Dals Långed (meaning "passage between or along the water") is a locality situated in Bengtsfors Municipality, Västra Götaland County, Sweden. It had 1,520 inhabitants in 2010.

==History==
Dals Långed was founded in the 1850s. Later, a mill was built, which however was replaced, on the initiative of future Minister of Finance Carl Fredrik Wærn, by a pulp mill built by a subsidiary of Baldersnäs manor. When completed, Långed factory was one of Sweden's largest wood mills. A subsequent recession decreased the provision of paper pulp, and the managing director Alexander Hall Ings founded Dalsland's first paper mill in 1884. The need for pulp soon exceeded that which the sawmill could provide, and a sulphite mill was built in 1888. When the Baldersnäs company was dissolved in 1897 Långeds became an independent company. The sulphite mill burned down in 1902. Since the factory's capacity was at that time considered too low and production costs too high it was not rebuilt until 1906, whereafter production ceased after a few years. A hydroelectric plant was built during 1909-10. In 1918 Långed merged with Billingsfors bruk to form Billingsfors-Långed AB: Götabanken received a majority shareholding. The depression of the early 1930s meant financial hardship for the mill, which was forced to shift production from newsprint to glossy paper of various kinds.

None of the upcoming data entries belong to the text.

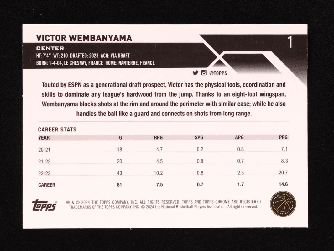Victor Wembanyama 2023-24 Topps Chrome #1 RC
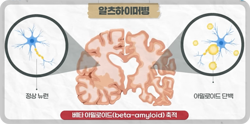 ⯄ 뇌 속에 있는 신경 세포에 베타아밀로이드가 뭉쳐서 쌓이면 신경세포가 파괴되고 뇌전반으로 확
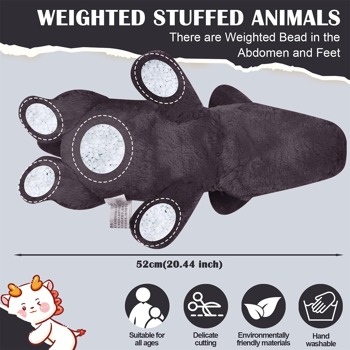 Gisqis Black Dragon Plush 19' Cute Weighted Dragon Stuffed Animal Stuffed Dragon Plush Toy Kawaii Dragon Plushie Hugging Pillow
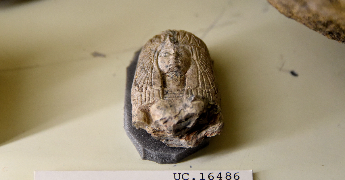 This is the upper part of steatite figurine of queen AHMOSE-NEFERTARI, the patroness of the Theban Necropolis. She wears the vulture headdress. From Egypt, precise provenance of excavation is unknown. 19th Dynasty, circa 1292 to 1187 BCE. The Petrie Museum of Egyptian Archaeology, London (with thanks to The Petrie Museum of Egyptian Archaeology, UCL).
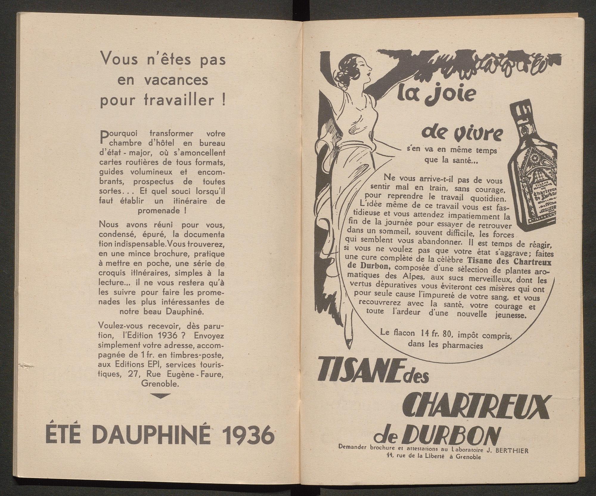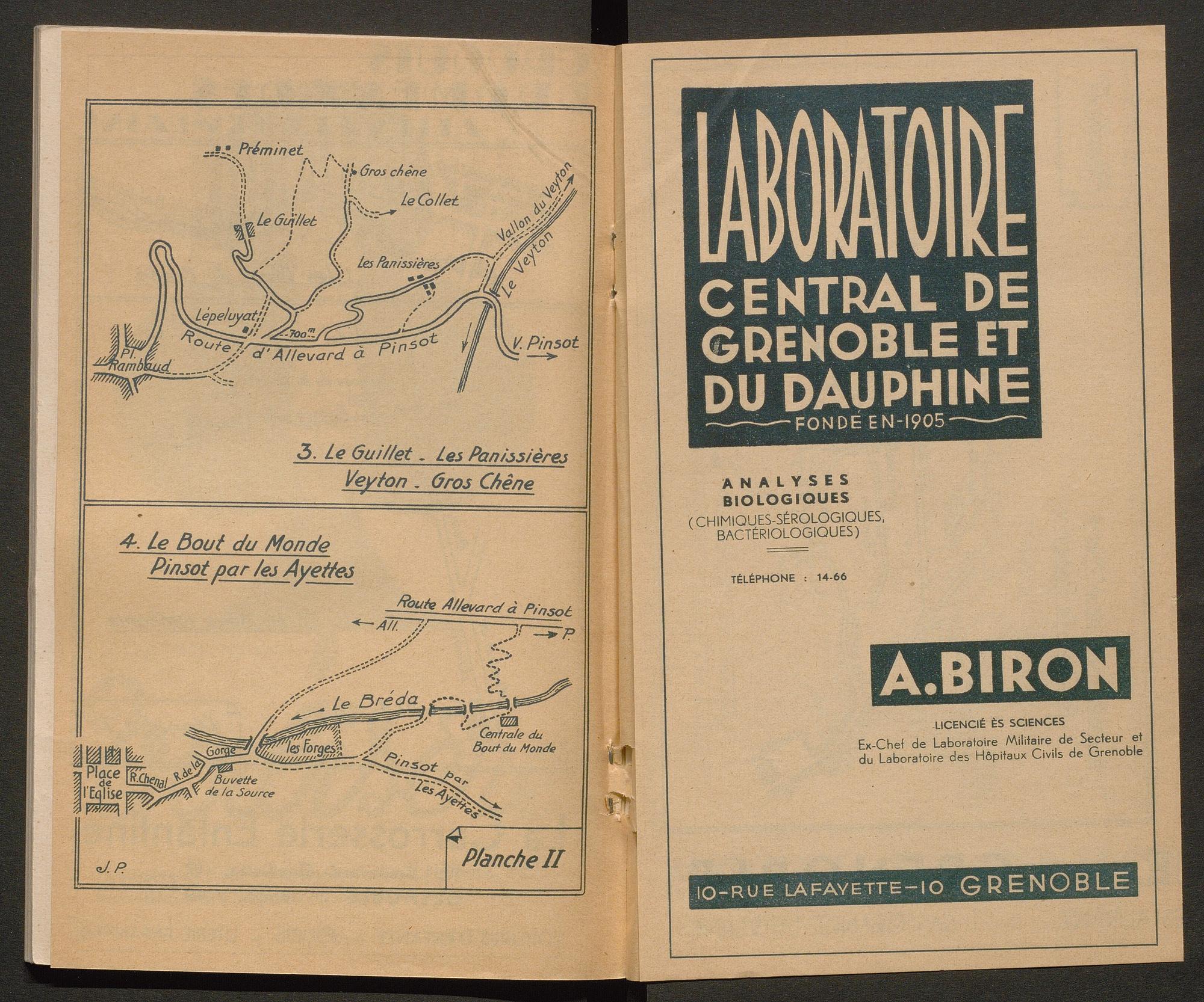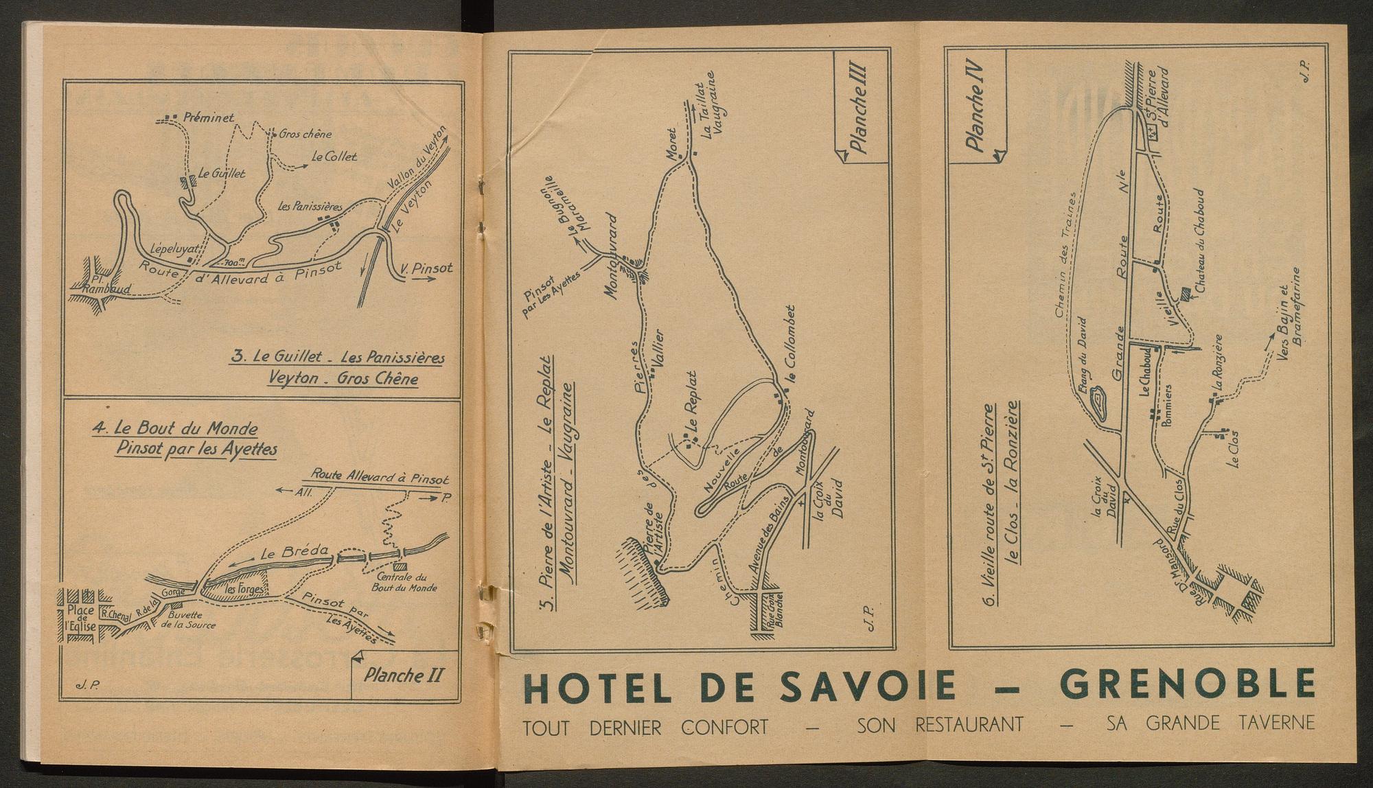 + insertion dans le brochage avec agrafes à la fin de l’ouvrage d’une carte représentant plusieurs croquis de promenades à Allevard, de grand format et repliée 2 fois.

During World War II, when there was a shortage of metal plate, the factory began to produce various forms of packaging paper to replace metal cans. Later paper cups became an important product. A new bleach plant was built in 1943.

A contributing factor to the company's growth was the Dalsland Canal. The canal reached Långed in the 1860s and a terminal was constructed. Dalslands Kanal AB had its office here.

The factory was mothballed in 2015 but production restarted in 2017.

==Society==
In Dals Långed there are several marinas.

There are two small supermarkets, a physiotherapist, dentist, café, library, art gallery.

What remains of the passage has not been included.